17:40 - 18:00	“Bayesian Inference in Networked Systems and Applications in Infectious Disease Modeling" Sen Pei (Columbia University) Network models are widely used in infectious disease modeling. Many real-world problems need to calibrate high-dimensional network models to observational data. By coupling dynamical network models with real-world data, model-inference systems can support real-time disease forecasting, epidemiological parameter inference, and estimation of unobserved variables. I will introduce data assimilation methods for metapopulation models through applications for influenza and COVID-19.
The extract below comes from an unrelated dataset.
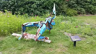 Er zijn drie artistieke kunstwerken te vinden aan de weg: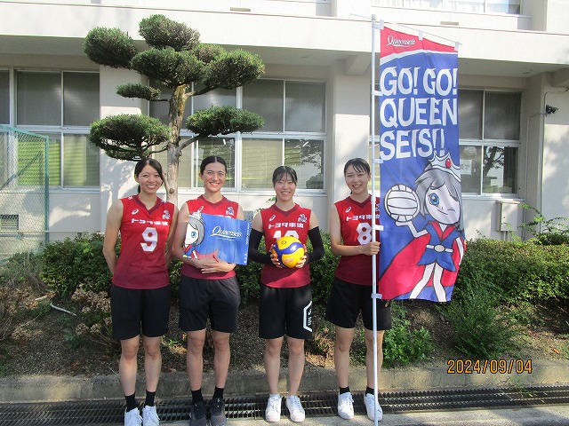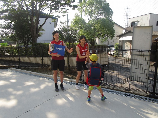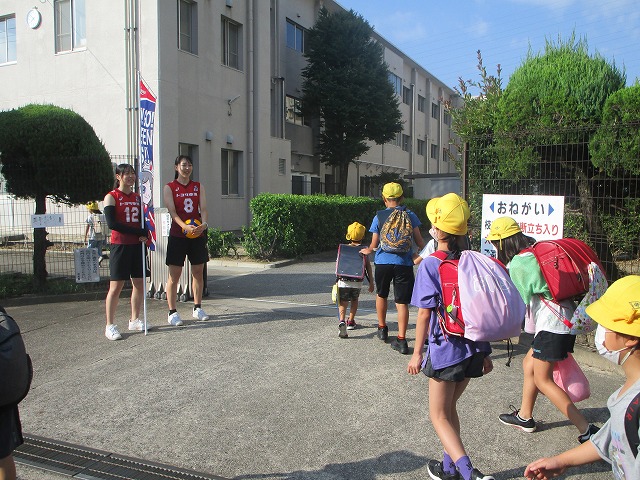 「クインシーズ刈谷」の選手が朝のあいさつ運動に来てくださいました |

18:05 - 18:25	“Forecasting Drug Overdose Deaths in The United States" Maria D'Orsogna (California State University, Northridge and University of California, Los Angeles) The United States is in the midst of a dramatic drug-epidemic crisis. Despite decades of research and the implementation of policies ranging from harm-reduction to punitive measures, drug overdose deaths have surpassed 112,000 fatalities in 2023. Annual ex-penditures related to drug control have reached 40 billion USD. There are many questions on whether to intervene on the supply or on the consumption side, and which strategies may be the most hopeful in helping vulnerable persons not get addicted or regain sobriety. One of the most important building blocks however is to understand the evolution of the drug overdose crisis and which communities will be the most affected so that resource allocation for prevention, treatment and survival, is the most effective. The CDC has been tracking drug overdose deaths in the United States for several decades, stratifying fatali-ties by race, gender, age, drug type and geography. In this talk we will discuss the use of heuristic forecasting based on this body of data to predict drug overdose deaths during the latest "synthetic opioid" crisis that began in 2013, fueled by the introduction of fentanyl in the country. We find that the use of heuristic methods for specific subpopulations, in this case quadratic regressions on specific racial and geographic groups, offers good insight into future drug overdose trends and can help identify anomalies, such as the large in-creases observed during the COVID-19 pandemic. Being relatively simple to implement these heuristics can be quite valuable for on the ground practitioners who can adapt them to the available spatio-temporal data, using their insight and practical knowledge as guidance.